[szosa] 64/2017 w rodzinne strony
Sobota, 3 czerwca 2017
· Komentarze(0)
Kategoria > 50
PO odbębnieniu domowych obowiązków, pojechałem do rodziców szosówką, by pomóc w pracach na działce. w drodze za Czerniejewem dopadła mnie szosowa karma - dziura - i tym samym przymusowy pitstop na centrowanie przedniego koła. Były 2 luźnę szprychy, które wygięły się niczym łuk triumfalny - na szczęście nyple były dobre, wystarczyło wkręcic.

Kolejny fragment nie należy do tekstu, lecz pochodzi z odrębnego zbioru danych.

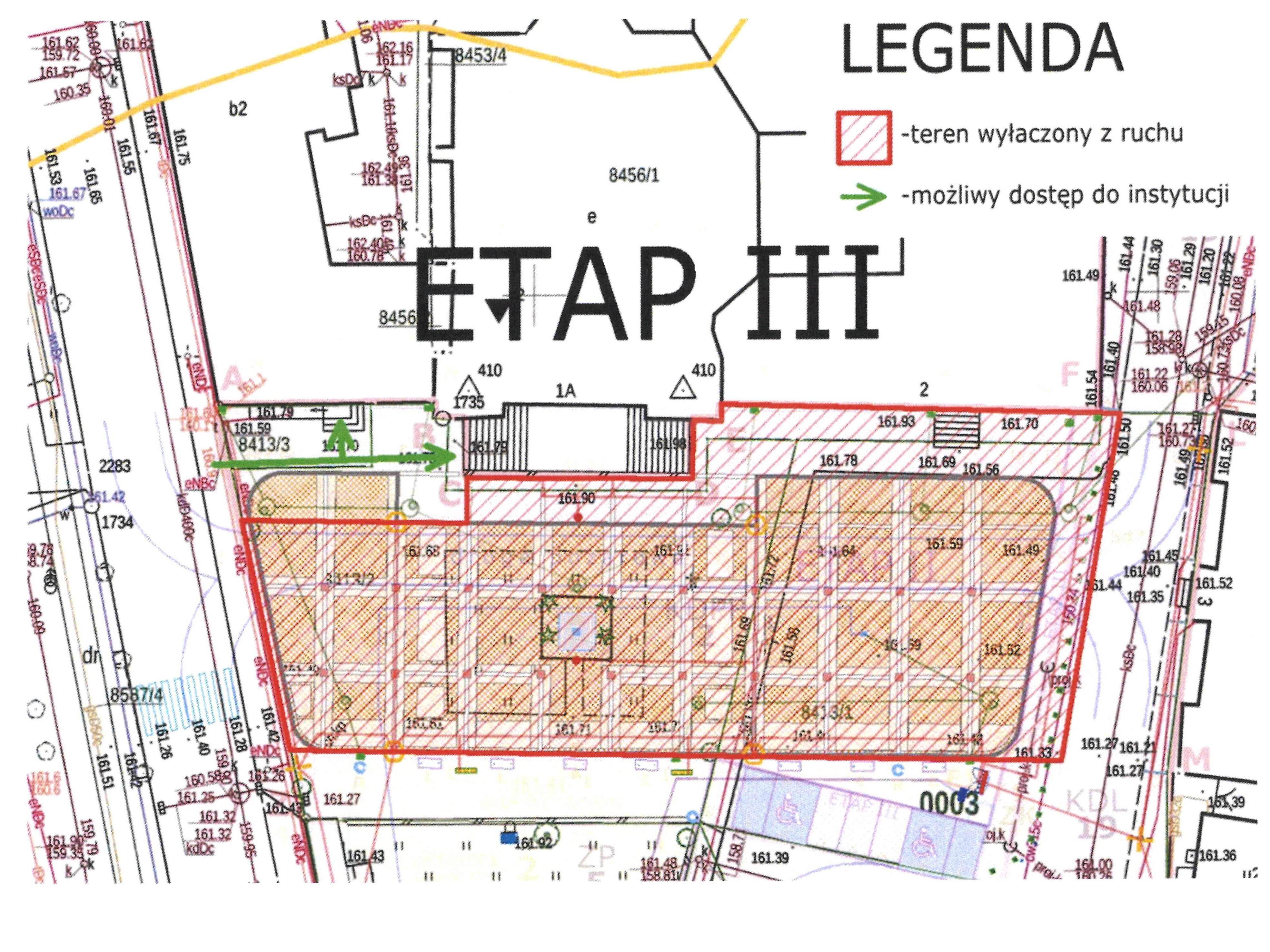 Docelowo, w trzecim etapie prac, zakres wyłączeń zostanie jeszcze rozszerzony. W tym czasie nie będzie już możliwe korzystanie z parkingu przy ul. Kościelnej, choć dojścia do budynków nadal będą utrzymane. Termin realizacji tego etapu nie został jeszcze ostatecznie określony.

Dalsza droga bez większych przygód.
W godzinach wieczornych ruszyłem dalej, w stronę Trzemeszna. MIałem w planach objazd przez Powidz i Orchowo ale organizm buntował (brak mocy, spadek uwagi - brak kofeiny). Zrobiłem postój na Orlenie, podjechałem zobaczyć gnieźnienską ciuchcię jako element miejscowej rekreacji dla dzieci.
Ma to związek z przywróceniem pamięci o Wrzesińskiej Wąskotorówce, która do późnych lat 70 działała bez większych przeszkód.
Mam w planach wyprawę, podobną do tej, którą opisał Rolnik ale obawiam się, ze niewiele pozostało po wąskotorówce.
Niezwykle rzadko dodaję dwa wpisy w jednym dniu ale z racji posiadania szosy i mtb, to (nie)stety trzeba tak zrobić.